■ To do ■
Print nothing except the lines of the listing below from the line with "チェッカーフラッグを思わせる" to the line with "Ozdoba na svíčku", each exactly as written, both ends included.

■ Input for this task ■
┌──
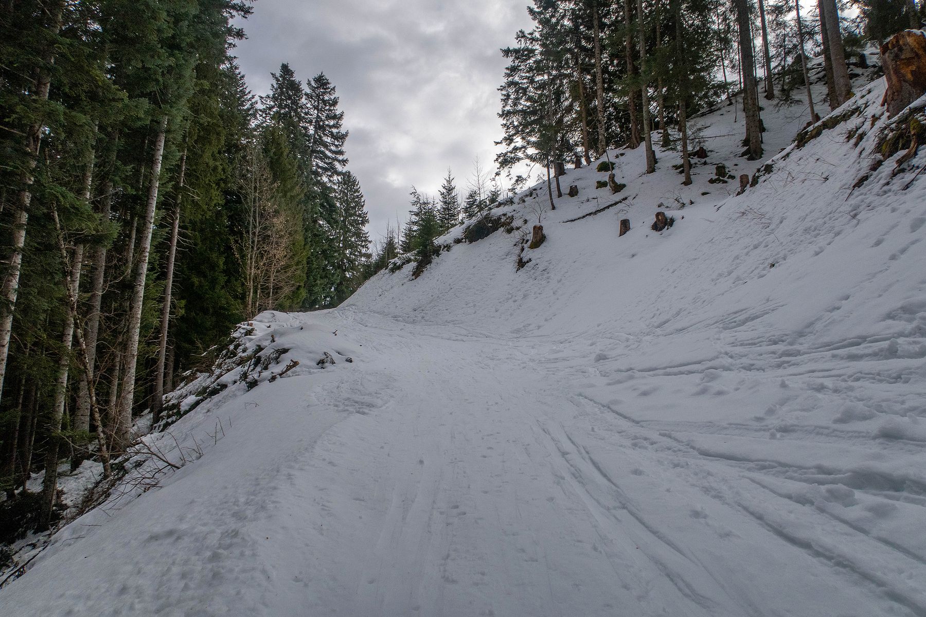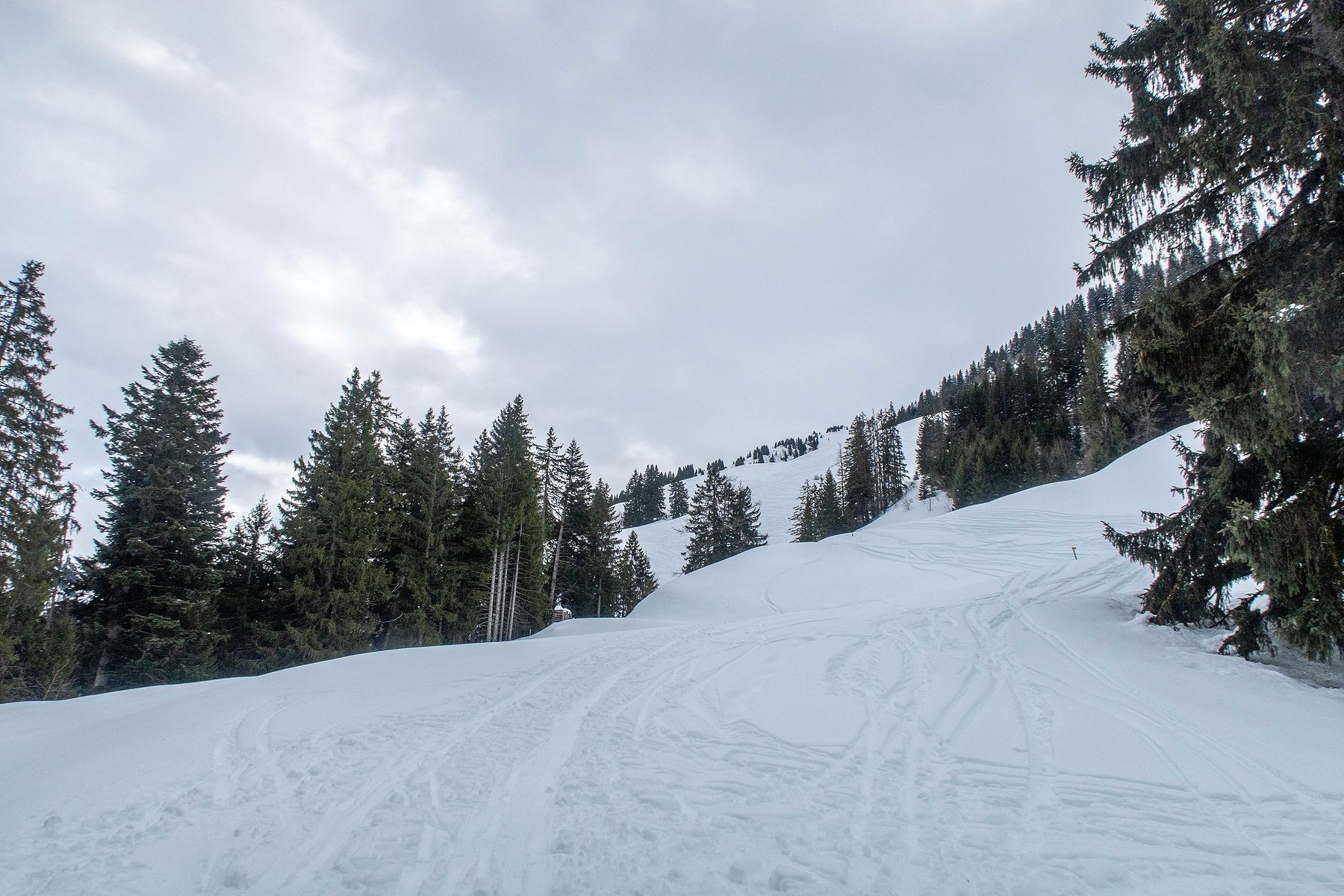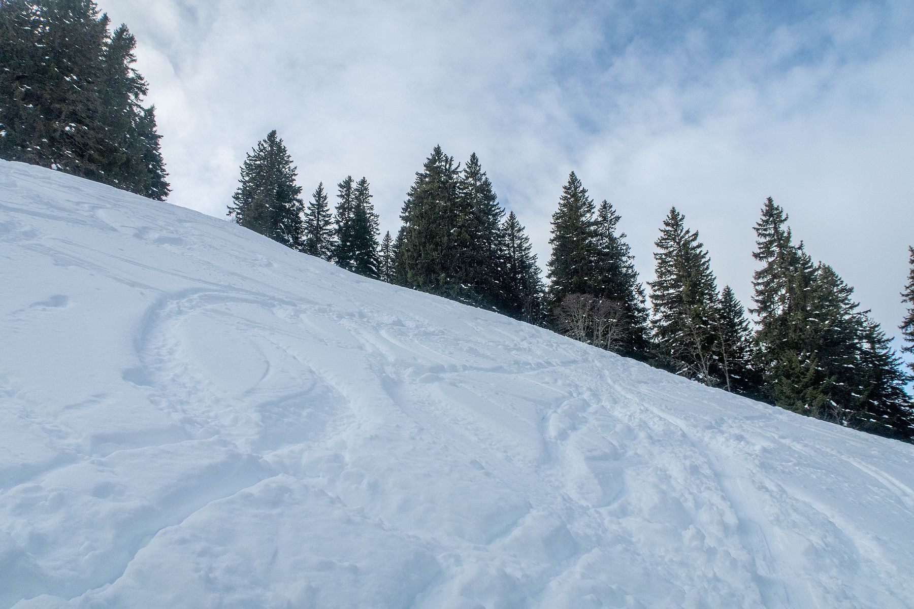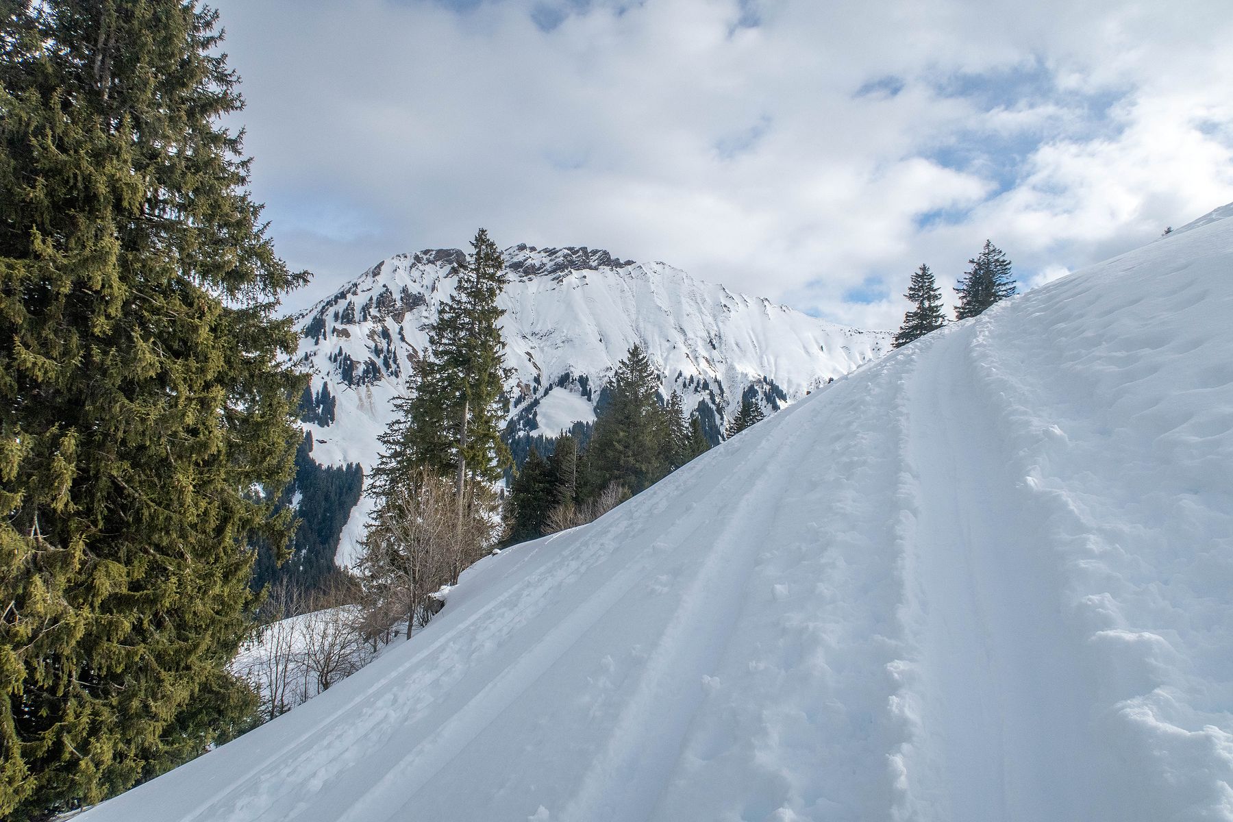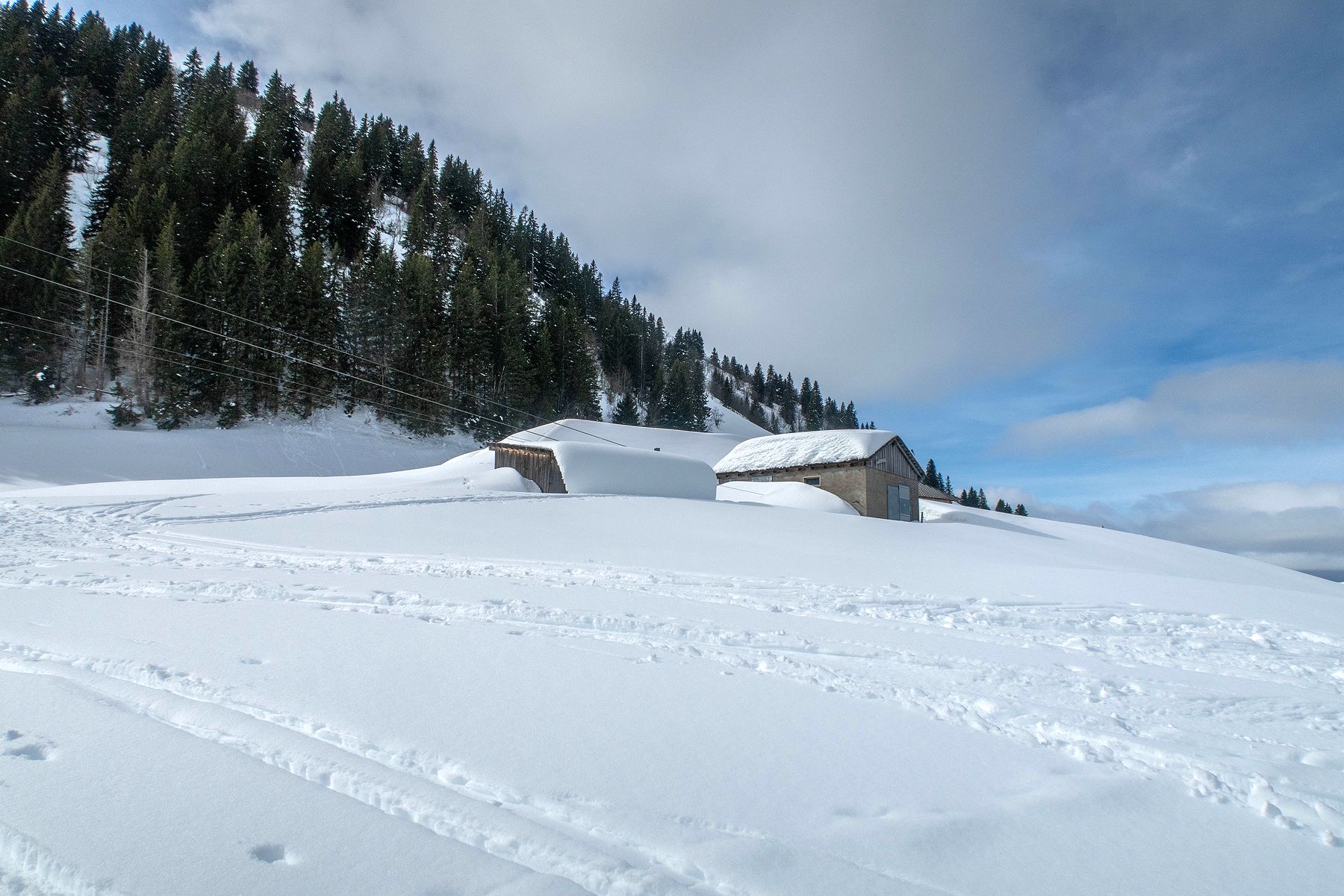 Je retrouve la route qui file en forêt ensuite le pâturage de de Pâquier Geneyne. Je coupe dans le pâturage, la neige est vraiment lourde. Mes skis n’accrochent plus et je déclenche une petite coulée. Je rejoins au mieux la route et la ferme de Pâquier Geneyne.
└──
┌──
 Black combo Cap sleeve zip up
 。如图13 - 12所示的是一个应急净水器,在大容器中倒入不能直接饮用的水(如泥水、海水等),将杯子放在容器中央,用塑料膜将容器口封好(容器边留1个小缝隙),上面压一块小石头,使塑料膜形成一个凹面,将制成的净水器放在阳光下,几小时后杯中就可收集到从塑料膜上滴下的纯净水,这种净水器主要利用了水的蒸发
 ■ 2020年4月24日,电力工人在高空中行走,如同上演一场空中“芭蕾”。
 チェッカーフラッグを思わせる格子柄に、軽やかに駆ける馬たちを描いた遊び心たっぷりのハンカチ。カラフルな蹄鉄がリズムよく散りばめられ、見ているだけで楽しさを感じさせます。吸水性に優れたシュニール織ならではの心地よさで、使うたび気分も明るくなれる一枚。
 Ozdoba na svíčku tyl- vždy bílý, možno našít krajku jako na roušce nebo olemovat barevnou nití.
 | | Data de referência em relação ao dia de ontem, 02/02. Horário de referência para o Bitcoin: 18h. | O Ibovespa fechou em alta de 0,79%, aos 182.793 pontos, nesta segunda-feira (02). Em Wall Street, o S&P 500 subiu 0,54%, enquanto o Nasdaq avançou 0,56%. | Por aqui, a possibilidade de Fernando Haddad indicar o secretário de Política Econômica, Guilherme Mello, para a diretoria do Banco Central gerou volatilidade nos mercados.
└──
■ Response ■
 チェッカーフラッグを思わせる格子柄に、軽やかに駆ける馬たちを描いた遊び心たっぷりのハンカチ。カラフルな蹄鉄がリズムよく散りばめられ、見ているだけで楽しさを感じさせます。吸水性に優れたシュニール織ならではの心地よさで、使うたび気分も明るくなれる一枚。
 Ozdoba na svíčku tyl- vždy bílý, možno našít krajku jako na roušce nebo olemovat barevnou nití.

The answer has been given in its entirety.